Seit 2006 hat Lugano keinen Titel mehr gewonnen. Warum ist das so? Die Gründe sind vielfältig und gäben Stoff für ein mehrwöchiges Seminar. Wir beschränken uns hier auf ein Thema: Die Trainer. 16 namhafte sind seit 2006 gescheitert und einer ist sogar mit Donnerhall freiwillig gegangen: Barry Smith, immerhin fünffacher Stanley Cup-Sieger. Er poltert 2011 nach einem 0:9 in Kloten: «Das Team hat keinen Charakter. Es ist untrainierbar.»

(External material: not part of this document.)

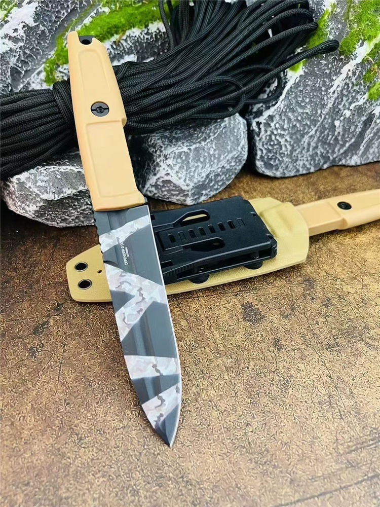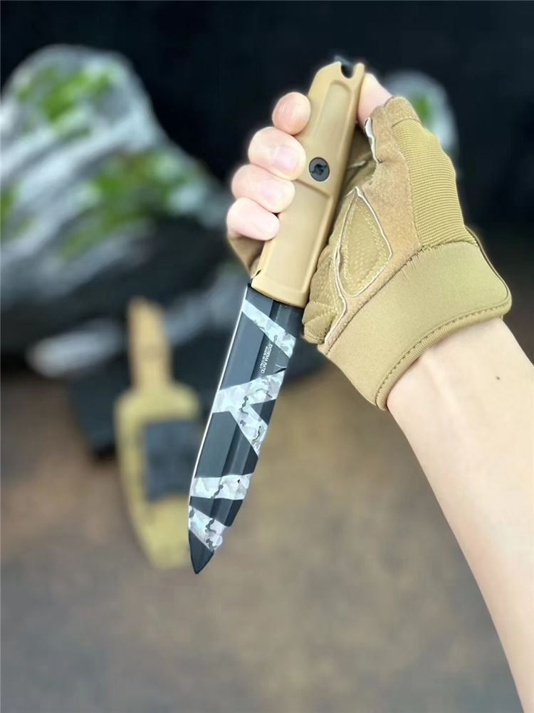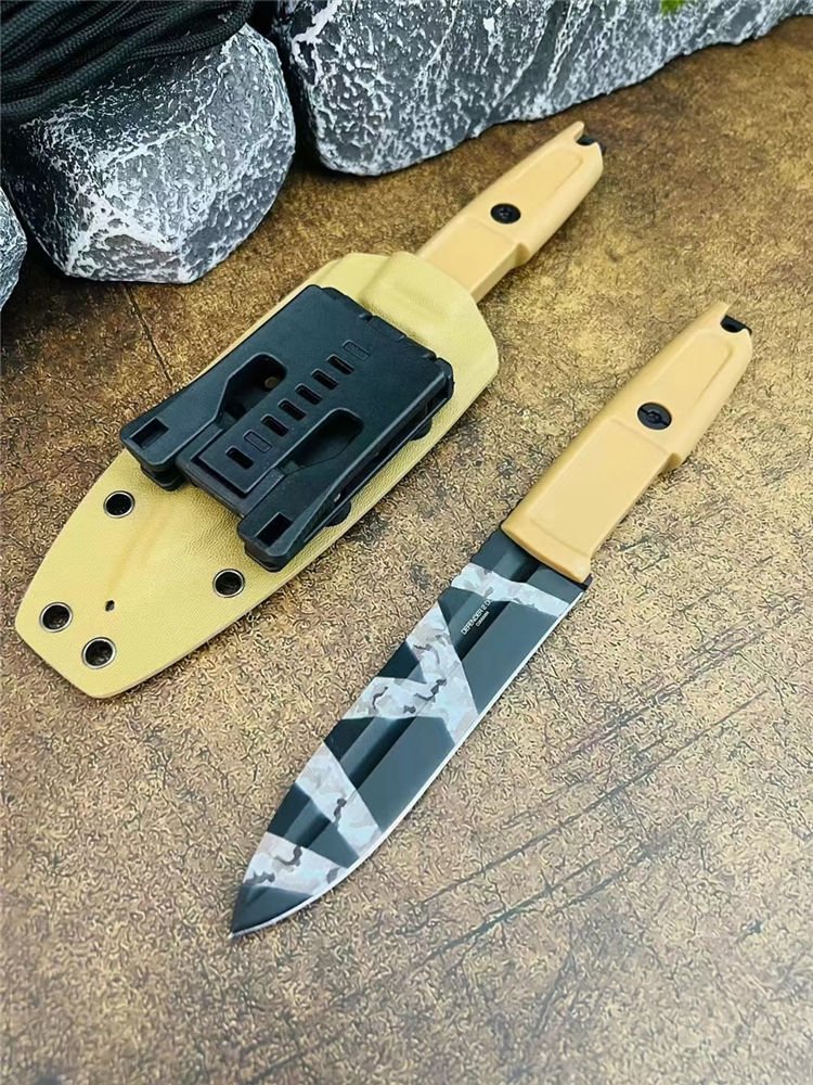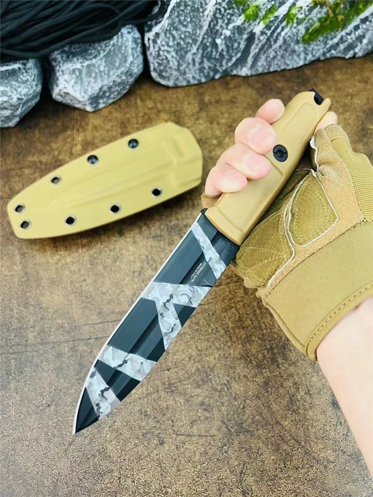 极端武力带槽版侦察兵直刀 全长:23.5cm 刃长:11.5cm 厚度:5mm 材质:D2钢 刀鞘:战术K鞘

Lugano untrainierbar? Das ist denn doch etwas übertrieben. Aber zu Recht gilt der Trainerjob in Lugano als einer der schwierigsten der Liga. Vergleichbar mit der Arbeit in Bern und Zürich.

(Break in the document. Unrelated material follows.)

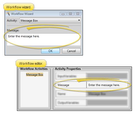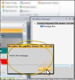 What Happens? - When this activity is triggered by a workflow, your message will pop onto your screen. Click Ok to remove the message box. You cannot change the message once it has been triggered.
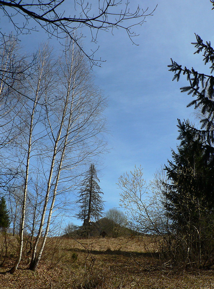 Za posledným, poriadne deravým „dvojbralom“ sa sklon mierni a vľavo pomedzi stromy už presvitá veľká lúka Minďárovo, po ktorej hornom okraji ide (v úvode spomínaná) asfaltka. Nad dolným okrajom sa vypína Fintova (821 m) – na pohľad bežný, zalesnený kopček. Ale kto si nájde nenápadný chodníček do lesa priamo zo stredu lúky, o chvíľu ostane prekvapený.

Nun soll es in Lugano ein Zauberlehrling richten. Luca Gianinazzi ist am 1. Januar gerade mal 29 geworden und mit Abstand der jüngste Trainer der Liga und der Playoffgeschichte (seit 1986). Er folgt auf Chris McSorley (60), der sich seit 1989 im Pulverdampf von mehr als 1500 Partien in Amerika, England, in Weltstädten wie Las Vegas und London und seit 2001 in Genf an der Bande bewährt hat. Ein grösserer Gegensatz wäre nicht einmal in einem Hollywood-Film über Trainer möglich.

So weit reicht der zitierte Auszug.